> [Problem statement]: Look for the line with "御泥坊光感小灯泡亮颜套装五件套洗面奶洁面乳嫩肤水面霜乳液单瓶" in the data below, then reproduce word for word that line and every line after it. Leave out all pictures and add nothing.
┌─ Given material
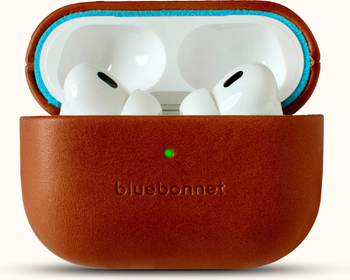 Crafted from premium full-grain saddle tan leather, this AirPods Pro case brings understated elegance to your everyday carry. It’s lined with our signature Bluebonnet blue microfiber for a soft, secure fit and built for 360° protection with wireless-charging convenience. Designed to age and patina beautifully.
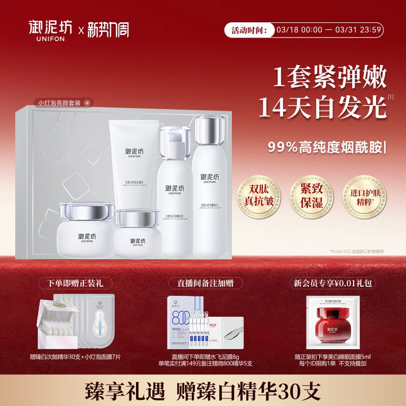 御泥坊光感小灯泡亮颜套装五件套洗面奶洁面乳嫩肤水面霜乳液单瓶
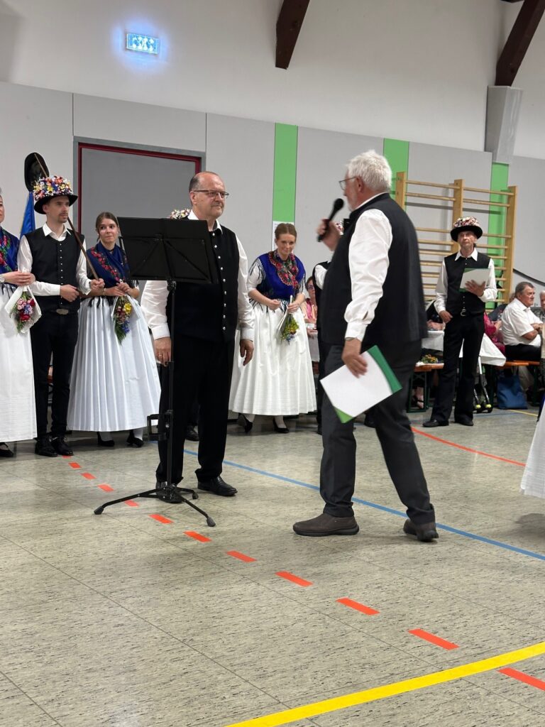 Helmut Milles, der Vorsitzende der HOG Ulmbach-Neupetsch, begrüßte alle Anwesenden und hob besonders die Ehrengäste hervor: Bürgermeisterin Claudia Dörner, Vertreter des Gemeinderats von Rechberghausen sowie den Bürgermeister der ehemaligen Heimatgemeinde Ulmbach-Neupetsch in Rumänien. Sein Dank galt auch den vielen Trachtenträgern und den zahlreichen Helferinnen und Helfern, ohne die das Fest in dieser Form nicht möglich gewesen wäre.
└─
> [Result of the task]:
 御泥坊光感小灯泡亮颜套装五件套洗面奶洁面乳嫩肤水面霜乳液单瓶
 Helmut Milles, der Vorsitzende der HOG Ulmbach-Neupetsch, begrüßte alle Anwesenden und hob besonders die Ehrengäste hervor: Bürgermeisterin Claudia Dörner, Vertreter des Gemeinderats von Rechberghausen sowie den Bürgermeister der ehemaligen Heimatgemeinde Ulmbach-Neupetsch in Rumänien. Sein Dank galt auch den vielen Trachtenträgern und den zahlreichen Helferinnen und Helfern, ohne die das Fest in dieser Form nicht möglich gewesen wäre.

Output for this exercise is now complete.